ВНУШЕНИЕ В БОДРСТВЕННОМ СОСТОЯНИИ

   Опыт показывает далее, что есть лица, для которых бодрственное состояние сознания представляет почти столь же благоприятное условие для внушения, как и гипноз. У такого рода лиц удается всякое вообще внушение и в совершенно бодрственном состоянии, следовательно, при наличности воли. Словом, у этих лиц внушения могут быть производимы в бодрственном состоянии так же легко и просто, как у других в состоянии гипноза.
   Для действительности внушения от такого лица не требуется ничего кроме того, чтобы он слушал и не противодействовал.

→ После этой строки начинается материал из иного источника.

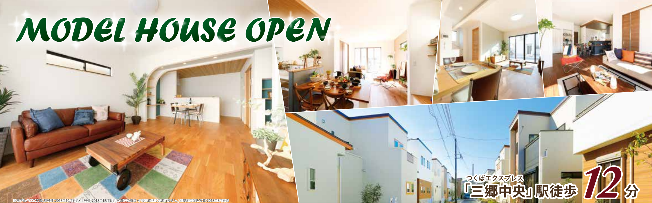
※モデルハウスの写真/25号棟:2018年10月撮影・1号棟:2018年12月撮影(写真中の家具・小物は価格に含まれません)※現地並み写真/2018年8月撮影

Если он начинает противодействовать внушению, достаточно усилить последнее, а если этого недостаточно, то стоит только внушить, что сопротивление невозможно, и внушению открывается полный простор.
   Вся особенность этих лиц сводится к тому, что они допускают в свое сознание вторгнуться посторонней идее пассивно, не вмешиваясь своим «я» в сущность и в критику этой идеи, иначе говоря, пропуская ее в свое сознание без активного внимания подобно тому, как человек воспринимает что-либо в рассеянности.
   Всякий знает, что, будучи рассеянными и невнимательными, мы можем давать на задаваемые вопросы совершенно не подходящие для нас ответы; можем признавать то, что мы несомненно отвергнули бы, если бы отнеслись к вопросу с вниманием, нередко мы не знаем даже, что данный вопрос был нам задаваем, иначе говоря, мы имеем настоящую амнезию. С другой стороны, при отвлечении внимания мы не замечаем нередко своих ощущений, можем даже заглушить резкие болезненные ощущения. В других случаях мы испытываем без всякой видимой причины безотчетную тоску или душевную боль, или же нам незаметно для нас самих может быть навязан тот или другой мотив, привита та или другая идея и т. п.
   Словом, в состоянии рассеянности, когда наше «я» чем-нибудь занято или отвлечено в известном направлении, мы получаем состояние, благоприятствующее внушению, вследствие чего, будучи введено в психическую сферу, оно проникает в него помимо «я» или, по крайней мере, без его активного участия и не может быть подвергнуто соответствующей критике и переработке.
   Таким образом, не подлежит никакому сомнению, что облегченная восприимчивость к внушениям наблюдается иногда и в нормальном психическом состоянии. Но суть в том, что в таком случае внушаемые лица по отношению к производимым внушениям, веря в их магическую силу, не в состоянии обнаружить никакого психического проти-водействия и подчиняются им совершенно пассивно.
   Благодаря этому, внушения легко входят в их психическую сферу помимо их «я», точнее говоря, помимо их личного сознания, следовательно прививаются непосредственно, так сказать, в самые недра психической сферы, помимо всякого участия воли и действуют так же неотразимо на субъекта, как и внушения, производимые в гипнозе.